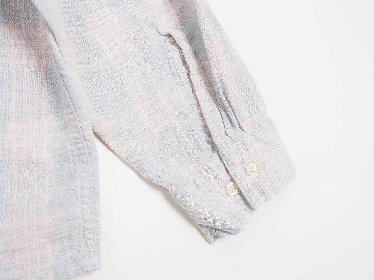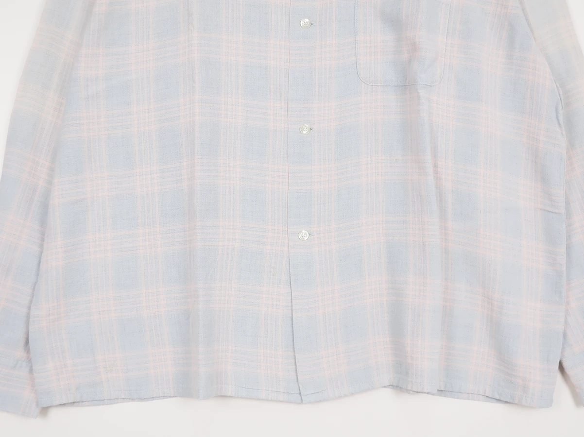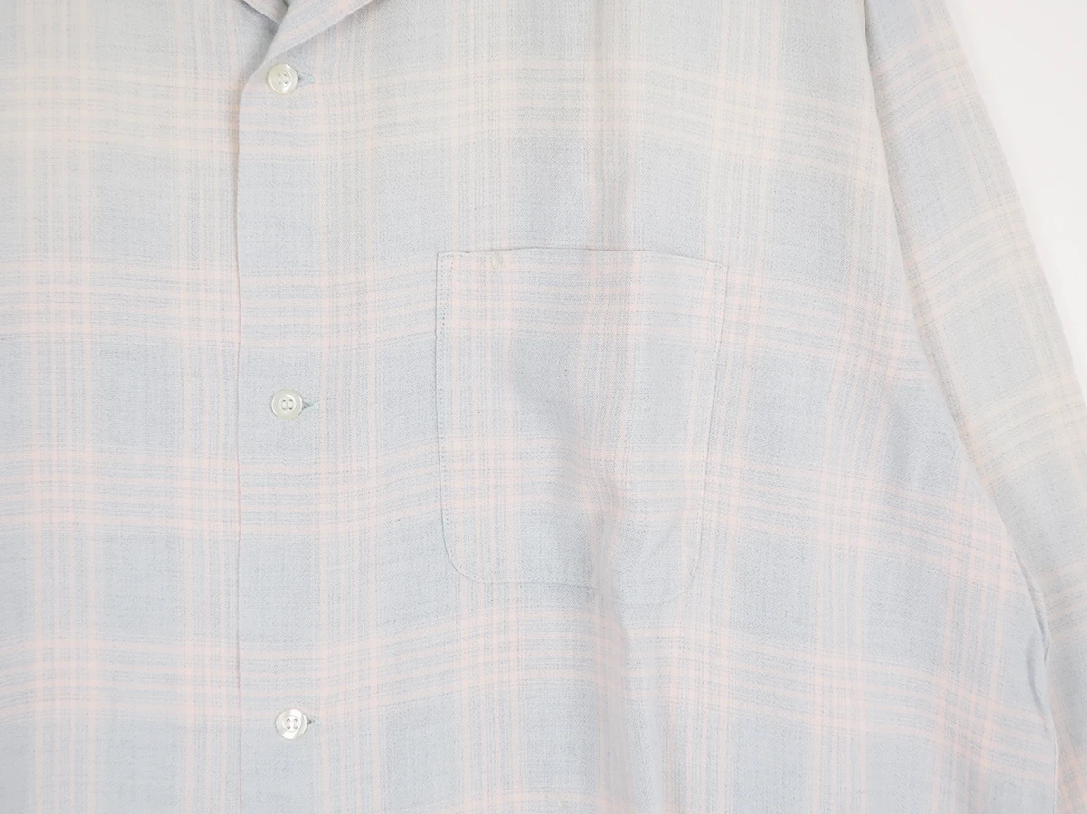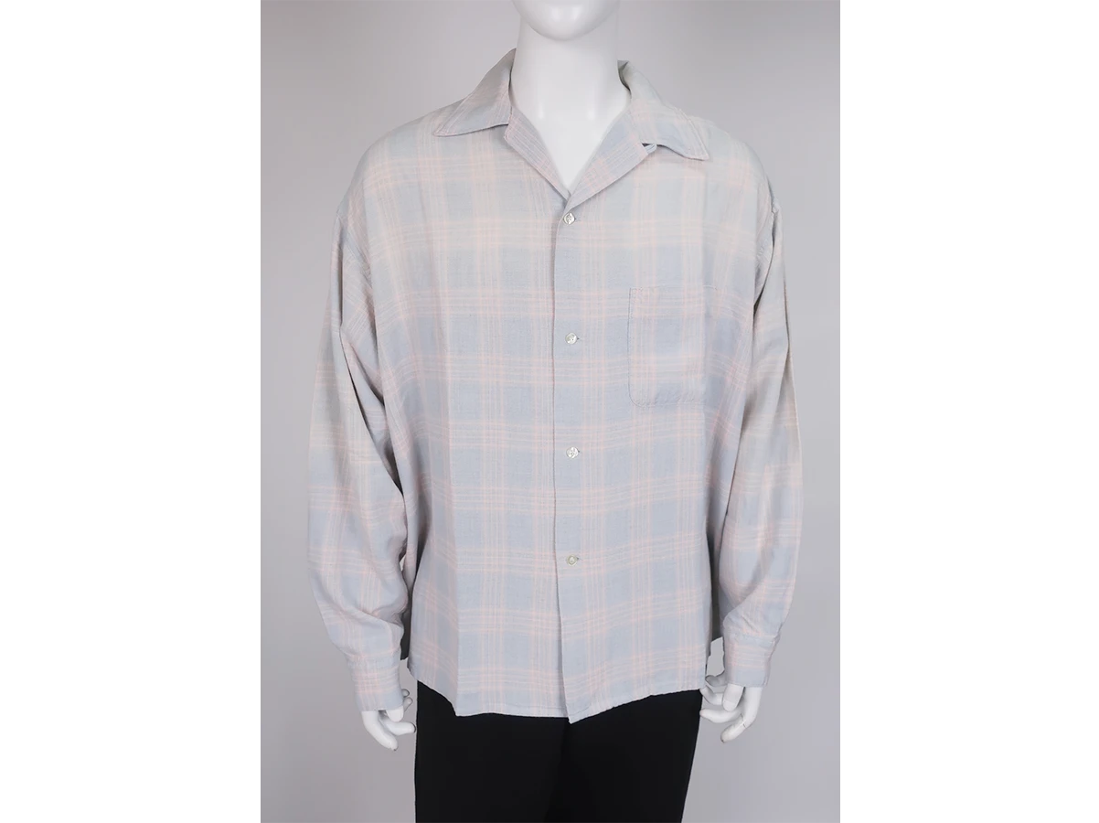 レーヨン素材を使用した淡いチェック柄が特徴的なシャツ。着古したような風合いに仕上げた一着。
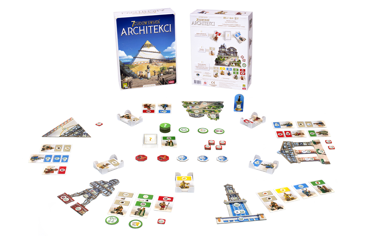 Architekci 7 cudów świata to dynamiczna gra rodzinna, doskonała na początek przygody z planszówkami! Podczas rozgrywki staramy się wznieść własną budowlę, jak najlepiej wykorzystując efekty dostępnych kart. W swojej turze wybierasz 1 z 3 kart, na których znajdziesz różne postacie pomocne w zdobywaniu surowców do budowy cudów, dokonywaniu odkryć naukowych oraz toczeniu bitew z sąsiadami. Kluczem do zwycięstwa jest umiejętne korzystanie z nadarzających się okazji i wybieranie najlepszych możliwych opcji. Każda dostępna karta przyniesie nam określony bonus: surowce niezbędne do budowy cudu, monety, którymi możemy zastępować te surowce, punkty zwycięstwa przydatne na koniec gry, tarcze zwiększające naszą siłę militarną oraz dodatkowe bonusy w postaci żetonów postępu. To od nas zależy, jaki kierunek rozwoju wybierzemy. Gra kończy się, gdy któryś z uczestników skończy budować swój cud. Zwycięża osoba z największą liczbą punktów.
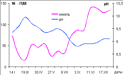 Концентрация никеля в р.Нюдуай изменялась в течение года от 16 до 138 ПДК. Причем, чем выше рН (т.е. более щелочная среда), тем меньше содержание в воде никеля. Это объясняется тем, что в щелочной среде катионы никеля связываются свободными анионами ОН
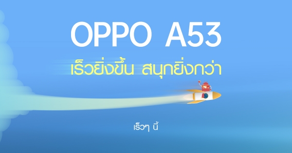 OPPO แบรนด์สมาร์ทโฟนยอดนิยมในประเทศไทย เตรียมเปิดตัวสมาร์ทโฟน A Series รุ่นใหม่ล่าสุด หลังจากที่ทาง OPPO Thailand Official Page ได้โพสต์ภาพพร้อมข้อความว่า “OPPO A53 เร็วยิ่งขึ้น สนุกยิ่งกว่า เร็วๆนี้” ก็เป็นที่ยืนยันแล้วว่า จะมีการนำ OPPO A53 เข้ามาจำหน่ายในประเทศไทยอย่างแน่นอน
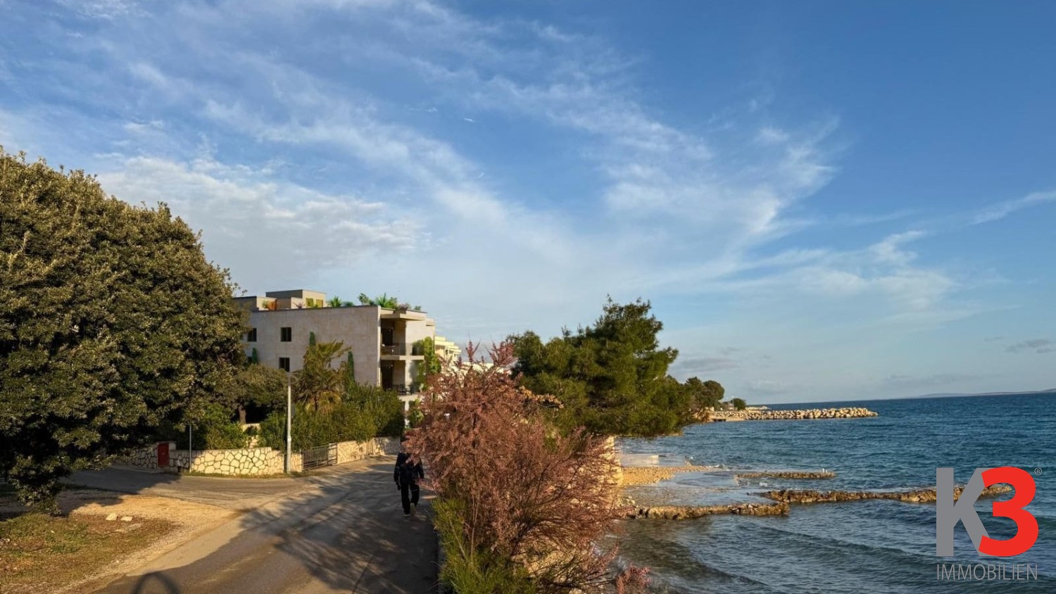 Wir präsentieren eine Wohnung in einer luxuriösen Neubauanlage, gelegen in der ersten Reihe zum Meer im Ort Mandre auf der Insel Pag.
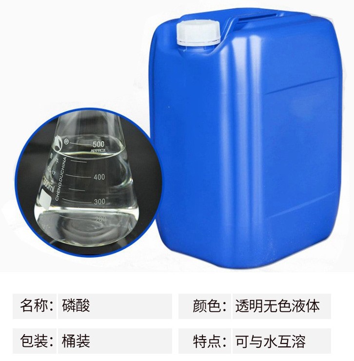 熔點(diǎn)42.35℃,比重1.70,高沸點(diǎn)酸,可與水以任意比互溶,沸點(diǎn)213℃時(shí)(失去1/2水),則生成焦磷酸。加熱至300℃時(shí)變成偏磷酸。相對(duì)密Chemicalbook度181.834。易溶于水,溶于乙醇。磷酸是一種常見(jiàn)的無(wú)機(jī)酸,是中強(qiáng)酸。其酸性較硫酸、鹽酸和硝酸等強(qiáng)酸弱,但較醋酸、硼酸、碳酸等弱酸強(qiáng)。磷酸與碳酸鈉反應(yīng)時(shí)在不同的pH下,可生成不同的酸式鹽。能刺激皮膚引起發(fā)炎,破壞肌體組織。濃磷酸在瓷器中加熱時(shí)有侵蝕作用。有吸濕性,密封保存。磷酸主要應(yīng)用領(lǐng)域如下:金屬表面鋼管磷化處理,配制電解拋光液和化學(xué)拋光液;鋁制品的拋光;制造各種磷酸鹽、飼料級(jí)磷酸氫鈣、酸式磷酸錳、焦磷酸鉀;醫(yī)藥工業(yè)用于制造甘油磷酸鈉、磷酸鐵,制造青霉素時(shí)調(diào)節(jié)酸堿度;用于制造磷酸鋅作為牙科補(bǔ)牙時(shí)粘合劑;塑料用于酚醛樹(shù)脂縮合的催化劑Chemicalbook;染料及中間體生產(chǎn)用的干燥劑;印刷用于配制揩去膠印彩印版上污點(diǎn)的清洗劑;火柴用于浸漬火柴梗,能使燃燒過(guò)的火柴梗不成灰而成炭狀,使用時(shí)較為安全;冶金用于生產(chǎn)耐火泥,提高煉鋼爐壽命;橡膠用于漿料的凝固劑及生產(chǎn)無(wú)機(jī)粘結(jié)劑的原料;涂料用于金屬防銹漆;食品工業(yè)用作酸性調(diào)味劑。

# What you are asked to do:
Keeping both end lines, retype exactly the lines from the first line of the material through the line that contains "Концентрация никеля в", but not the pictures.

# Solved problem:
 レーヨン素材を使用した淡いチェック柄が特徴的なシャツ。着古したような風合いに仕上げた一着。
 Architekci 7 cudów świata to dynamiczna gra rodzinna, doskonała na początek przygody z planszówkami! Podczas rozgrywki staramy się wznieść własną budowlę, jak najlepiej wykorzystując efekty dostępnych kart. W swojej turze wybierasz 1 z 3 kart, na których znajdziesz różne postacie pomocne w zdobywaniu surowców do budowy cudów, dokonywaniu odkryć naukowych oraz toczeniu bitew z sąsiadami. Kluczem do zwycięstwa jest umiejętne korzystanie z nadarzających się okazji i wybieranie najlepszych możliwych opcji. Każda dostępna karta przyniesie nam określony bonus: surowce niezbędne do budowy cudu, monety, którymi możemy zastępować te surowce, punkty zwycięstwa przydatne na koniec gry, tarcze zwiększające naszą siłę militarną oraz dodatkowe bonusy w postaci żetonów postępu. To od nas zależy, jaki kierunek rozwoju wybierzemy. Gra kończy się, gdy któryś z uczestników skończy budować swój cud. Zwycięża osoba z największą liczbą punktów.
 Концентрация никеля в р.Нюдуай изменялась в течение года от 16 до 138 ПДК. Причем, чем выше рН (т.е. более щелочная среда), тем меньше содержание в воде никеля. Это объясняется тем, что в щелочной среде катионы никеля связываются свободными анионами ОН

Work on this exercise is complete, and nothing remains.